Обретая политическую автономию, музей удивительным образом переживает все сложности политического выбора, перед которым вставали музеефицированные в наши дни освободительные движения прошлого. История рабочего движения или социалистических партий наполнена постоянно воспроизводимыми и в то же время всякий раз уникальными обстоятельствами тактических компромиссов, коалиционных соглашений и уступок настоящему во имя будущих успехов. От «казуса Мильерана» 1899 года до электоральных европейских «новых левых партий» нулевых социалисты действовали политически, совершая выбор в пределах возможного.

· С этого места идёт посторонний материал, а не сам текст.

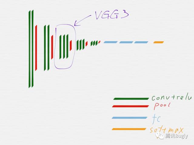 从示意图上可以看到,绿色代表的卷积层和红色代表的池化层,可以很明显的划分出五组,上图用紫色线条框出来的就是其中的第三组。

В этих пределах всегда было необходимо взвешивать все наличные обстоятельства, предпочитая в каждой конкретной ситуации прогрессивное реакционному, а более достижимое менее достижимому. Горизонт социалистической политики постоянно балансировал между максимально приближенной к полевым условиям тактикой и все более расплывчатыми очертаниями конечной утопии.
Все эти известные родовые черты социалистической европейской политики вполне сопоставимы с «политизацией» современного прогрессивного музея, однако почти никак в нем не отражены. Главным объектом музейной репрезентации редко становилась собственно динамическая, постоянно меняющая очертания и не приводящая к радикальным переменам политика, но куда чаще — точки разрыва с этой политикой. Моменты, когда нормализующая сила государства, гражданский мир и правила политической жизни оказывались под ударом, представляют несомненный приоритет исторического музея. Почетное место, отведенное в музеях для артефактов революций и восстаний, становилось самым верным свидетельством их завершения, трансформации уникального события в эпизод последовательного исторического повествования. Зачастую иерархия государственной значимости музеев выстраивалась пропорционально их роли в репрезентации насилия, взрывающего любые иерархии.
Это значение музея как места, напоминающего о насилии и его укрощении, может обогатить наши представления о возможных культурных стратегиях эпохи неолиберализма. Еще в «Размышлениях о насилии» Жорж Сорель полагал, что история капитализма является своего рода антиисторией, развивающейся в обратном направлении: от героики первоначального накопления и буржуазных революций к бюрократическому консенсусу, при котором государство укрощает органический антагонизм угнетенных и угнетателей, рабочих и капиталистов. Классовое насилие в форме всеобщей забастовки, апологетом которой был Сорель, призвано взорвать эту нормализацию, возвращая скрытое противоречие системы в его естественное состояние. Открытая насильственная борьба классов, которую при помощи всеобщей забастовки начинает пролетариат, объединенный в революционные синдикаты, сводит на нет монополию государства на насилие — как в виде прямых репрессий, так и в формах мягкой, но оттого не менее опасной и поглощающей повседневности. Насилие возвращает обратно «классовое сознание» и спасает от вырождения и деградации оба противостоящих друг другу класса. Критика Сореля была направлена против реформизма с его постоянными апелляциями к государству и надеждой на институциональные изменения. Реформисты отравляют и рабочих, и буржуа самыми опасными ядами — вежливостью и культурой, которые вытесняют главный и принципиальный конфликт на периферию общественного сознания. Именно поэтому следует «отвечать черной неблагодарностью на расположение тех, кто хочет защитить трудящихся, грубостью — на назидания защитников всеобщего братства и кулаками — на заигрывания пропагандистов социального мира»[3].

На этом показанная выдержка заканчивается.